Control Structures
Introduction
Control structures are patterns of assembly code that create some kind of more abstract flow controlling thing. As an example, the if
statement we used earlier is a control structure. Control structures are used to make our code do interesting and complex things like make decisions in a loop, conditional do stuff, and easily make code reusable and understandable.
The first up of these control structures is one that makes code easy to reuse: functions!
Functions
A function is a piece of code that you can reuse more than once that can take some arguments and return some values. It's essentially just like a normal math function. Take for instance the classic f
in math:
f(x) = y
In this function above, it takes x
and outputs y
. You may not know how it translates x
-> y
, but you know you get y
from inputting x
. You can make the same type of functions in x86 and most assembly languages. Earlier in call-instructions, we actually provided you with a function. Here it is again:
// args in rdi, output in rax
make_even:
mov rdx, rdi
mov rax, 2
idiv
mov rax, rdx
cmp rax, 0
je make_even_done
add rdi, 1
make_even_ret:
mov rax, rdi
ret
A very simple function to take whatever number it is given and make it even.
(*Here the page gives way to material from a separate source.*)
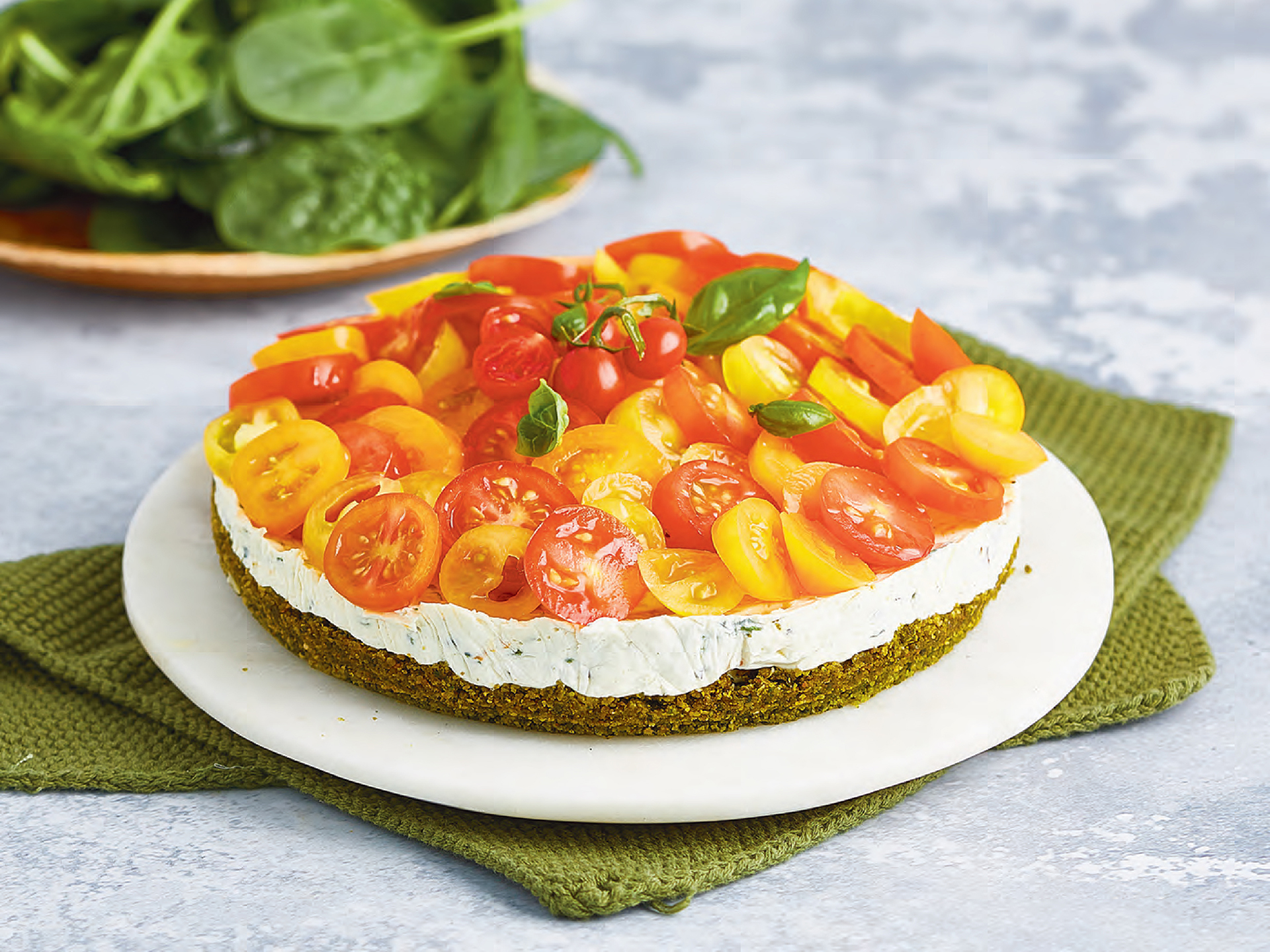 Num prato coloque a massa. Deite o bife grelhado sobre a massa e decore com manjericão.

If you are not sure how it does that, review instructions and how even and odd numbers work in math.
Calling Convention
In this example, the first argument to the function (the input), is passed in rdi. The output is passed in rax. This passing of arguments and returns actually is called something. A calling convention. A calling convention is the way in which you pass arguments to a callable thing. The thing in this case is functions in x86. Just like flavors of syntax, there are many different calling conventions. The most widely used calling convention, and the one you are most likely to see in the wild, is the 64-bit System V calling convention.
In System V (the one we use here), this is how args are passed:
Argument | 1 | 2 | 3 | 4 | 5 | 6 | 7 | 8 | 9 | 10+... | return |
---|---|---|---|---|---|---|---|---|---|---|---|
Location | rdi | rsi | rdx | rcx | r8 | r9 | r10 | r11 | rsp | rsp+n | rax |
Arguments passed 8 are all passed on the stack. Argument 9 would be rsp
, 10 rsp + 8
, and so forth. System V is the calling convention we will be using for the rest of the handbook and the EmbryoASM modules we will have you do at the end of this section. The return value is always one thing and its passed in rax.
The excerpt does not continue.